External State Transitions (EIP-4788 & EIP-2935)
Some Ethereum Improvement Proposals (EIPs) require state transitions that are not triggered by regular user transactions, but are instead performed by the client using special system calls (such as transact_system_call
). These transitions are part of the EVM state changes, but are initiated by the client at specific block boundaries (pre- or post-block hooks), as required by the EIP.
What are external state transitions?
External state transitions refer to updates to the Ethereum state that are not performed by regular user transactions, but are instead performed by the client using system calls at block boundaries. These are typically required for EIPs that introduce new system contracts or require special state updates at block boundaries.
EIP-4788: Beacon block root in the EVM
EIP-4788 requires that the root of each beacon chain block is committed to the execution layer and made available in the EVM via a special contract. This is achieved by the client calling a system contract at a fixed address (0x000F3df6D732807Ef1319fB7B8bB8522d0Beac02
) with the beacon root as input, at the start of each block. The contract maintains a ring buffer of recent roots.
- The system call is performed by the client, not by EVM transaction execution.
- If the contract does not exist, the call fails silently.

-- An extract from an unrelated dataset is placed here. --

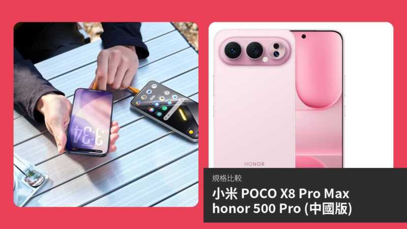 綜合比較,小米 POCO X8 Pro Max 在屏幕 (更大、更亮)、電池續航 (8,500mAh + 100W)、防水 (IP68) 和觸控表現上佔優,適合遊戲玩家、長時間使用者及戶外愛好者;honor 500 Pro (中國版) 則以效能 (16GB RAM、骁龍 8 至尊版)、攝影 (2 億像素 + 長焦)、無線充電和 AI 功能領先,更適合攝影發燒友、重度多工用戶及追求輕薄設計者。

- See EIP-4788 for full details.
- Example implementation in Reth: reth#4457
EIP-2935: Add blockHash and blockNumber to the EVM
EIP-2935 introduces a system contract that stores recent block hashes, allowing contracts to query them. The client is responsible for updating this contract at each block, by calling a system contract at a fixed address (0x0000F90827F1C53a10cb7A02335B175320002935
) with the new block hash.
- The system call is performed by the client, not by EVM transaction execution.
- See EIP-2935 for full details.
- Example implementation in Reth: reth#7818
How does this affect REVM users?
- To perform these block state transitions, the client or test harness should use the system call mechanism (
transact_system_call
) provided by REVM. - REVM itself does not automatically perform these transitions; it expects the client to initiate them at the appropriate block boundaries, as specified by the EIPs.
- If you are building a full Ethereum client or a test harness, you are responsible for performing these system calls at the appropriate block boundaries, as specified in the EIPs.
- If you are only using REVM for transaction execution, you may need to ensure that the state of these system contracts is kept up to date externally.